Atlantique, son premier long métrage, obtient le Grand prix au Festival de Cannes en 2019 avant de sortir en salles à l’automne suivant. Cinq ans après, c'est le Festival de Berlin qui lui réserve sa récompense principale : Dahomey reçoit l'Ours d'or en février 2024 et sort au cinéma en France à la rentrée suivante.
Critique
On avait découvert Mati Diop avec Atlantiques (voir Bref n° 96), qui fut présenté au Cinéma du réel en 2009 ; on la retrouve deux ans plus tard en section “Orizzonti” lors de la 68e Mostra de Venise. Si son précédent film peut être considéré comme un documentaire – travaillé par l’hybridation –, il s’agit cette fois d’une fiction où se loge une part d’autobiographie. Dans Atlantiques, il était question d’un nouvel Ulysse en la personne d’un migrant, Snow Canon n’est pas sans convoquer une certaine Pénélope.
Vanina vit dans un chalet douillet, de très sévères sommets verticaux obstruent l’horizon de cette adolescente lascive. Une grande part de la dramaturgie de Snow Canon vient se loger dans la tension entre cette sorte de prison dorée et la projection vers un ailleurs où l’on se rend à coup de messagerie instantanée – qui figure plein écran – avec une copine du bout du monde. Le virtuel est rendu comme un lieu à part entière, avec cette part de mensonge et de fantasme vécue avec un savant mélange de sérieux et d’inconséquence.

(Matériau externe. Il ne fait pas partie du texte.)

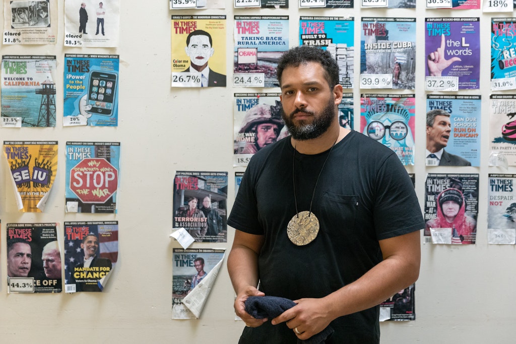 Makaya McCraven in the In These Times offices, September 15, 2019. Photo: David Schalliol/Scrappers Film Group
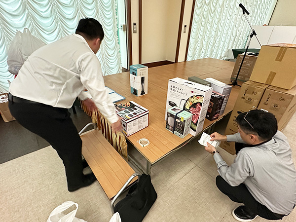 ここからは会場に景品を運んで、景品に熨斗の張り付けと、飾り付けをしていきます。
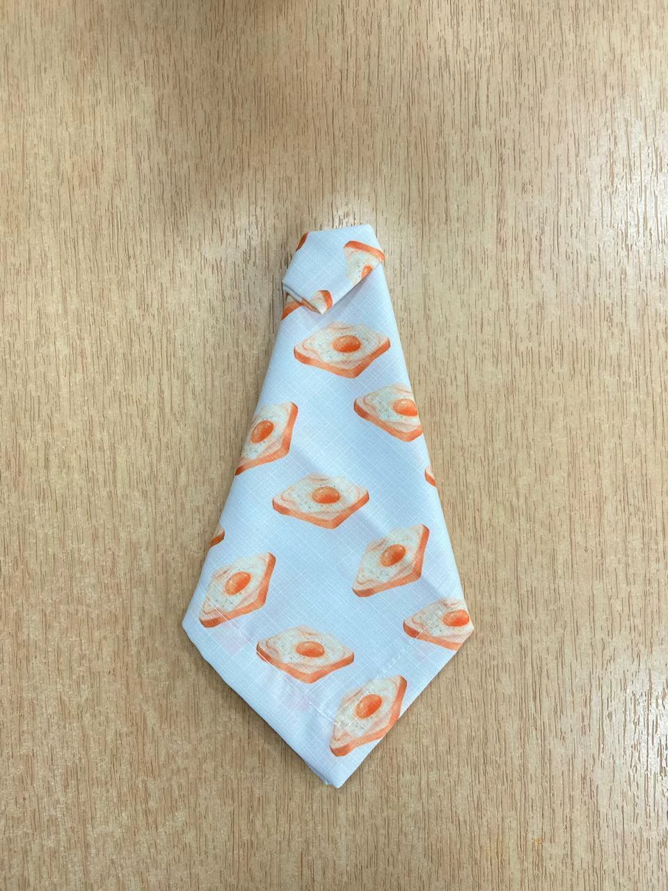 O design apresenta uma padronagem de fatias de pão com ovo, dispostas de forma irregular. A ilustração detalhada, com tons de laranja e amarelo vibrantes da gema e o tom neutro do pão, evoca uma sensação de aconchego e apetite, ideal para refeições matinais ou um brunch especial. A combinação de cores e o tema de café da manhã tornam este guardanapo um item único e cheio de personalidade.
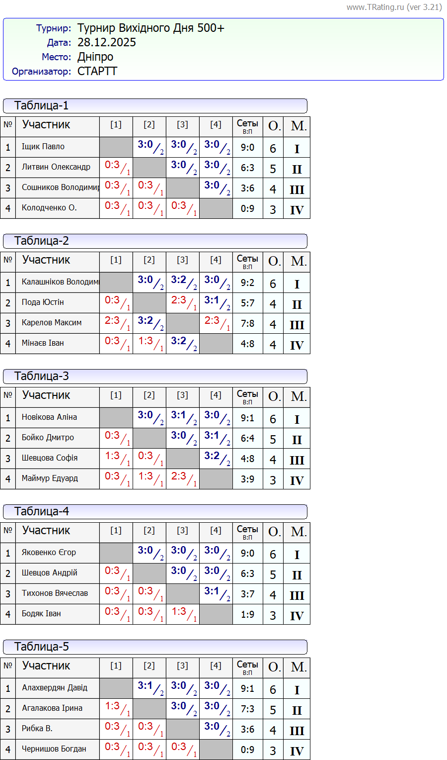Результати турніру “Вихідного дня 500+” за 28.12.2025
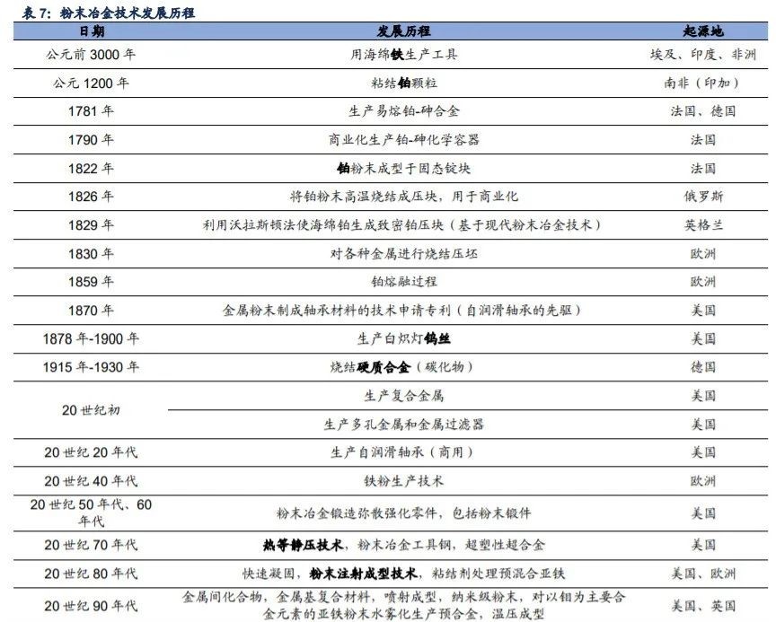 1、粉末冶金發(fā)展歷程
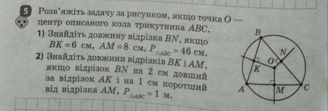 так, як радіус , перпендикулярний до хорди, ділить хорду навпіл, то AK=KB, BN=NC, AM=MC, то Р=2(BN+AM+AK)
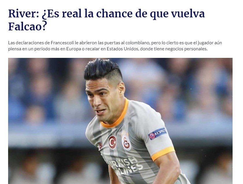 Fotomaç'ın dış basından derlediği habere göre; Falcao'nun, River Plate'e geri dönmeyi düşünmediği ifade edildi.
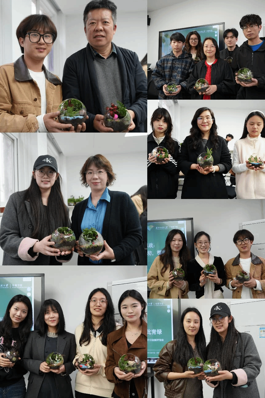 创作过程中,师生围坐一堂,边创作边交流,创意灵感不断迸发。有的作品以宁静田园为灵感,用迷你小屋、栅栏与蜿蜒白径营造出诗意角落;有的以江南庭院为意象,借小桥、流水造型与疏密绿植复刻中式园林风情;还有的以童话森林为主题,将形态各异的绿植与可爱摆件巧妙组合,层次错落间尽显童真意趣。导师们放下平日严谨的科研姿态,与学生们并肩创作,在轻松协作中倾听心声、传递鼓励;学生们也在互动中敞开心扉,将科研困惑与生活感悟与导师真诚交流。有的以“绿水青山”隐喻可持续发展理念,有的借“枯木逢春”探讨逆境成长,让思政元素化为可触可感的艺术表达,欢声笑语间,导学关系从“学术指导”悄然走向“亦师亦友”。
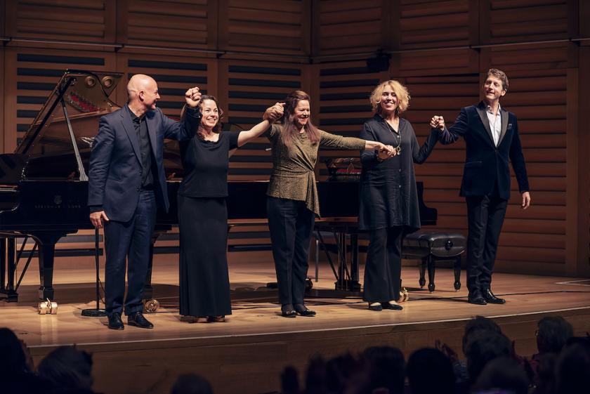 This first half had the best things, and the (very long) second half couldn’t quite live up to it. The Sally Beamish premiere Sonnets had the complex conceit of acting out the three-way relationship at the heart of Shakespeare’s sonnets – between the poet, the “fair youth” and the “dark lady” – in terms of three pianists at two pianos. Getting musicians to act always risks being a bit eggy, and despite their best efforts Owen, Collins and Apekisheva (pictured below) struggled to sustain the idea through its 18 minutes. Beamish’s music was at its most interesting at the beginning and the end, when it mused on Dowland, but all the swiping left on a phone, the bumping each other off the piano stool, the yearning looks and the storming off: it didn’t work for me.
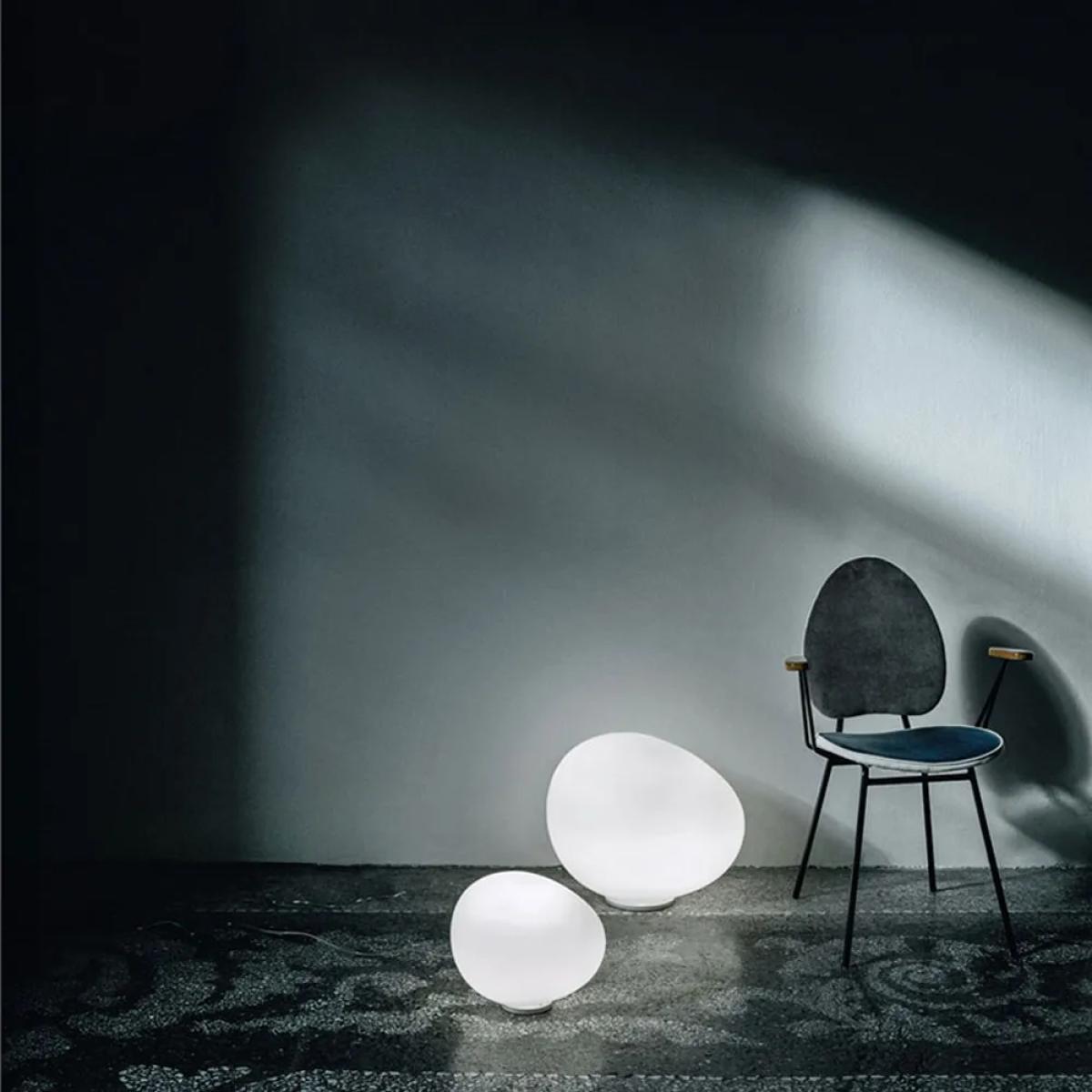 Gregg media table lamp from Foscarini is an elegant table lamp designed by Ludovica and Roberto Palomba, featuring an organic, free form in frosted, free-blown glass that softly diffuses the light. The medium size suits both bedside tables and side tables, creating a warm, inviting atmosphere. The beautiful glass surface and sculptural silhouette make the lamp a decorative interior detail that elevates the room, working either on its own or grouped with the other sizes.
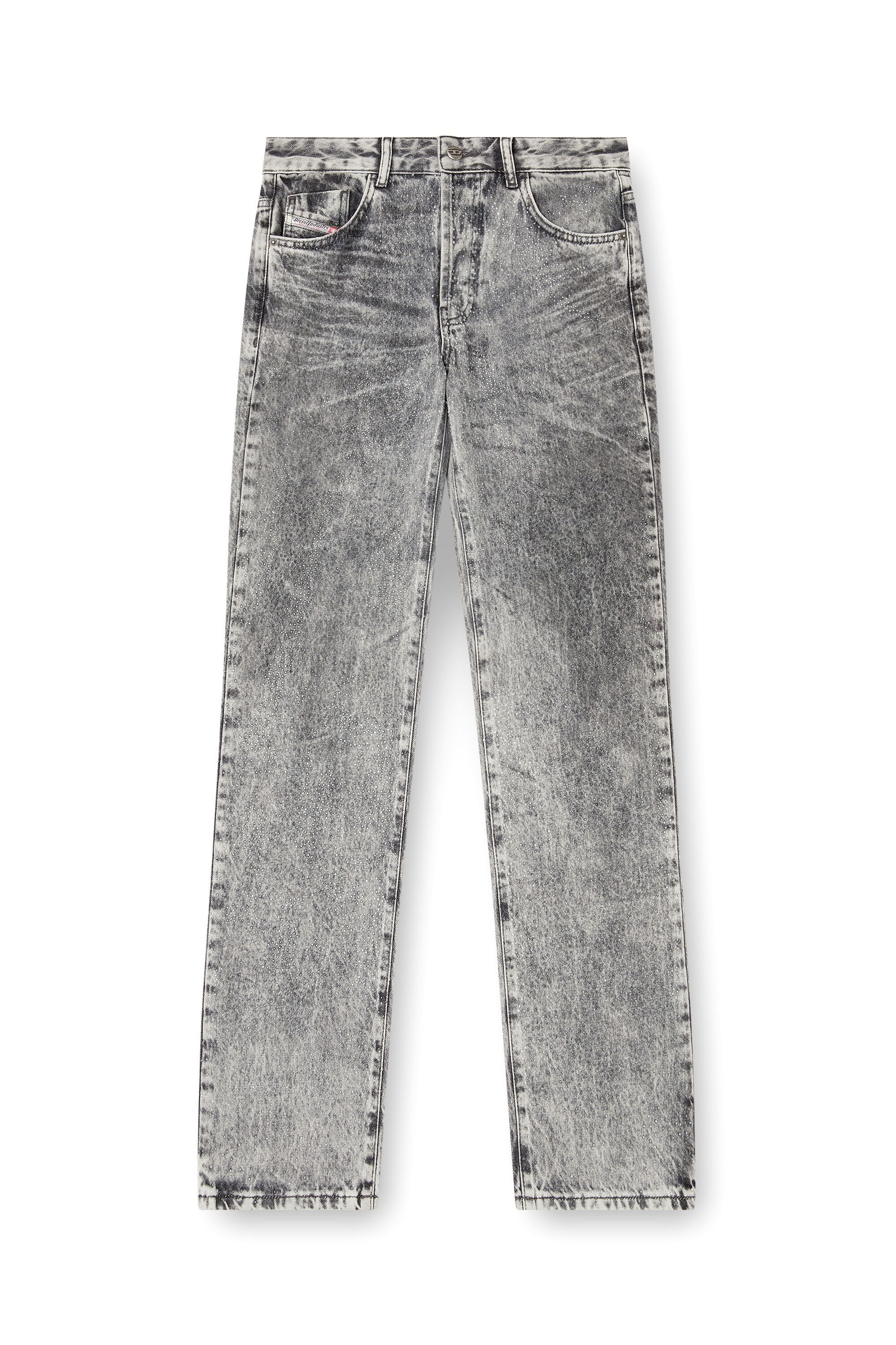 Product Description Regular fit with a low, shaped waist and straight leg. Fastened with a button fly, this contemporary silhouette is easy to wear. Made from fix denim, this light grey wash is treated with whiskers where the fabric naturally folds with wear, then artfully decorated with a shower of micro-crystals that highlight the silhouette. ID: A168550ABCS Size & Fit Model is wearing a size 26 and is 175 cm / 5'7'' Check the size chart to choose the correct size. Materials & Details Composition: 100%Cotton Fit: Regular Waist: Low Wash: Treated Fabric: Non-Stretch Closure: Button fly
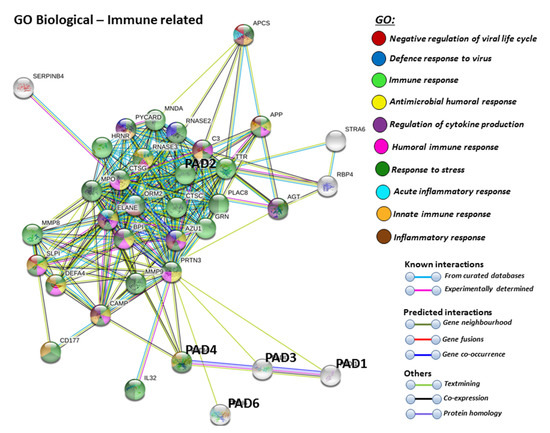 Biological GO (gene ontology) pathways for all human PAD isozymes, relating to immunity. Immune related GO biological pathways are highlighted for protein–protein interaction networks of binding partners with all PAD isozymes (PAD 1,2,3,4,6) as a group. Colour code for the different pathways is shown within the figure. Individual coloured lines represent specific protein interactions that have been identified through interactions that are known (referring to experimentally determined connections and curated databases), through interactions that are predicted (referring to gene fusion, gene neighbourhood, gene co-occurrence) or through interactions identified via text mining, co-expression or protein homology (please refer to the colour key provided in the figure for the different connective lines) (PPI enrichment p-value: < 1.0 × 10−16).
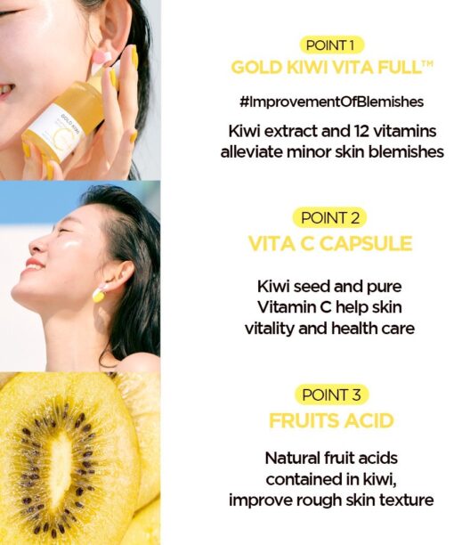 Gold Kiwi Vita Full™ complex contains kiwi extract and 12 vitamins (for example, such as: C, B1, B2, B5, B6, B9, B12, K3, E), which soften minor skin imperfections, promote vitality and healthy skin.
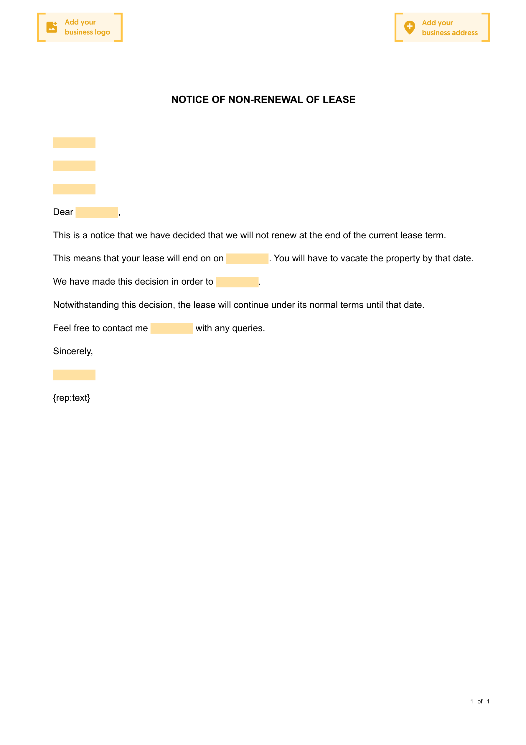 Notice of Non-Renewal of Lease (Commercial Lease)
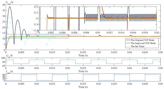 It can be seen from Figure 3 that the output voltage (dark blue dotted line) vibrates around the set value with the evolution of time and is insensitive to the sudden changes of the inputs. The amplitude is acceptable in steady state and the transient time is reasonable. This means the COT control also has strong robustness. However, its large start-up overshoot amplitude and high steady-state peak-to-peak voltage are unacceptable, and the circuit is not in the proper steady state, because the output frequency is lower than the designed frequency. The COT voltage mode has two kinds of steady states, while the controller only works with an alternating frequency between the highest frequency and zero in the abnormal steady state.
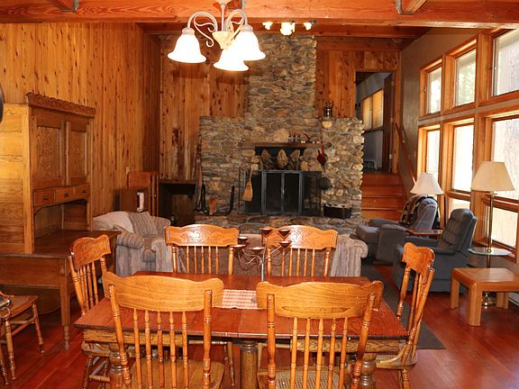 Graeagle mountain home for rent. Open great room with open beam wood ceiling. Wood flooring throughout. River rock fireplace. Front deck overlooks property with greenbelt view. Street is maintained by Plumas County road dept. Walking distance to downtown and mill pond. Home comes furnished. Small pets ok. 12 month lease preferred or longer. Tenant pays water, power, internet etc. Road is maintained by Plumas Co. Tenant clears driveway, deck, walkway and parking areas.
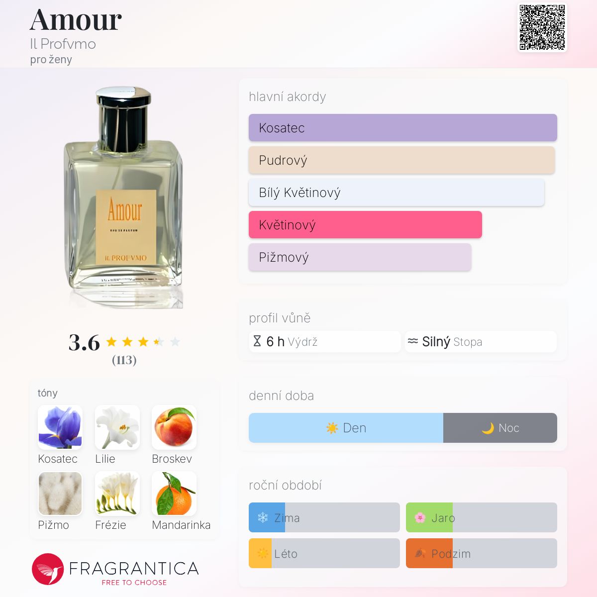 Amour podle Il Profvmo je Floral vůně pro ženy. Vrchní tóny jsou Broskev a Mandarinka; střední tóny jsouKosatec, Lilie, Frézie a Konvalinka ; základní tón je Pižmo.
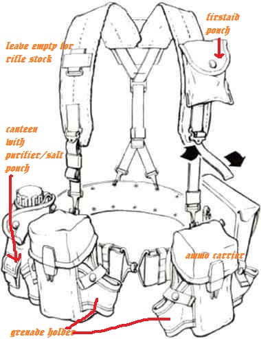 And one thing about putting the mag pouches up front...be careful about that placement. Going prone in a hurry + six mags in pouches right on the front of your hip bones = OUCH! I tended to put mine off to the sides more than the front and used the compass pouches for other stuff since it didn't quite hurt as much when slamming into the ground. Hard earned lessons of pouch placement on ALICE gear.
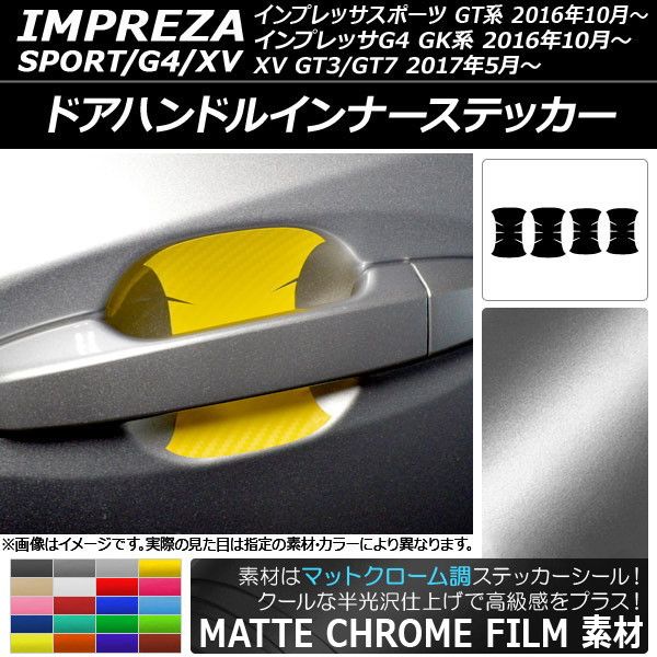 ドアハンドルインナーステッカー マットクローム調 スバル インプレッサスポーツ/G4/XV GT/GK系 選べる20カラー 入数:1セット(4枚) AP-MTCR2048
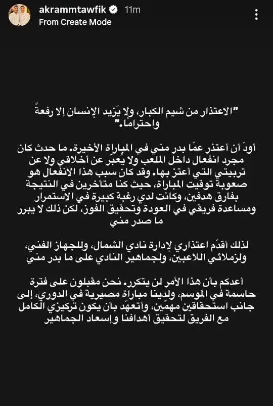 أثار أكرم توفيق تفاعلًا واسعًا بعد نشره عبر حسابه الشخصي قرار لجنة الانضباط في الاتحاد القطري لكرة القدم، والذي قضى باعتماد خسارة نادي قطر أمام نادي الشمال بنتيجة 3-0، في واقعة أثارت الكثير من الجدل داخل الأوساط الكروية.
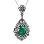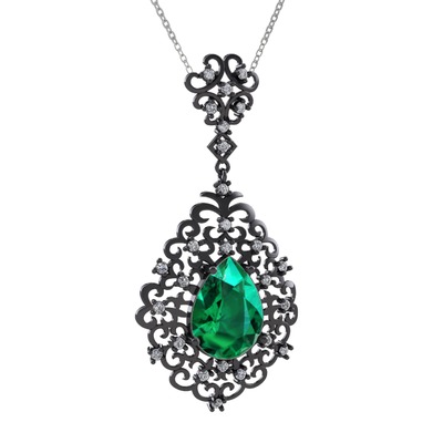 Yeşil kuvars ve swarovski 925 ayar siyah rodyum kaplama gümüş kolye (40 cm beyaz altın rolo zincir)
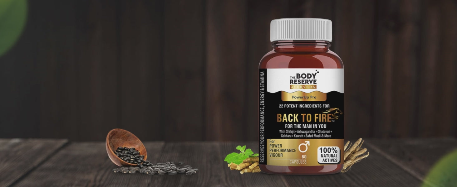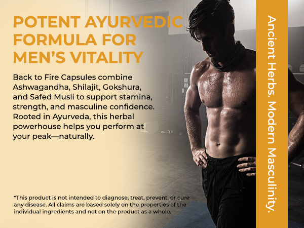 The Body Reserve Ayurveda Back To Fire Capsules For Men With 22 Ayurvedic Herbs Blend for Stamina, Strength & Vitality With Ashwagandha, Shilajit, Safed Musli, Gokshura & More 60 Vegetarian Capsules

Puis l’ailleurs vient à elle en la personne de Mary Jane, une baby-sitter américaine :“G LA CALCUL PA C JUST 1 FEM 2 MENAGE”, écrit-elle à sa correspondante d’un autre continent. La donne est en fait tout autre ; on ne sait trop qui joue le chat ou la souris, mais une drôle de course s’engage, sous le signe du désir et de la séduction. Le jeu se trouve au cœur de Snow Canon, auquel participe largement une mise en scène qui se déploie avec un sens de la variation étonnant. Sans quitter une légèreté, toutes les composantes du film se gorgent d’un trouble en jouant très subtilement avec le dévoilement des espaces, les déplacements et la cohabitation des corps. Et un autre désir d’apparaître : celui de suivre avec intérêt et attention les prochains films de Mati Diop.
Arnaud Hée
Article paru dans Bref n°101, 2012.
Réalisation : Mati Diop. Scénario : Mati Diop et Judith Lou Lévy. Image : Jordane Chouzenoux. Montage : Aël Dallier-Vega. Son : Delphine Malausséna et Sylvain Copans. Interprétation : Nilaya Bal, Nour Mobarak et Alban Guyon. Production : Aurora Films.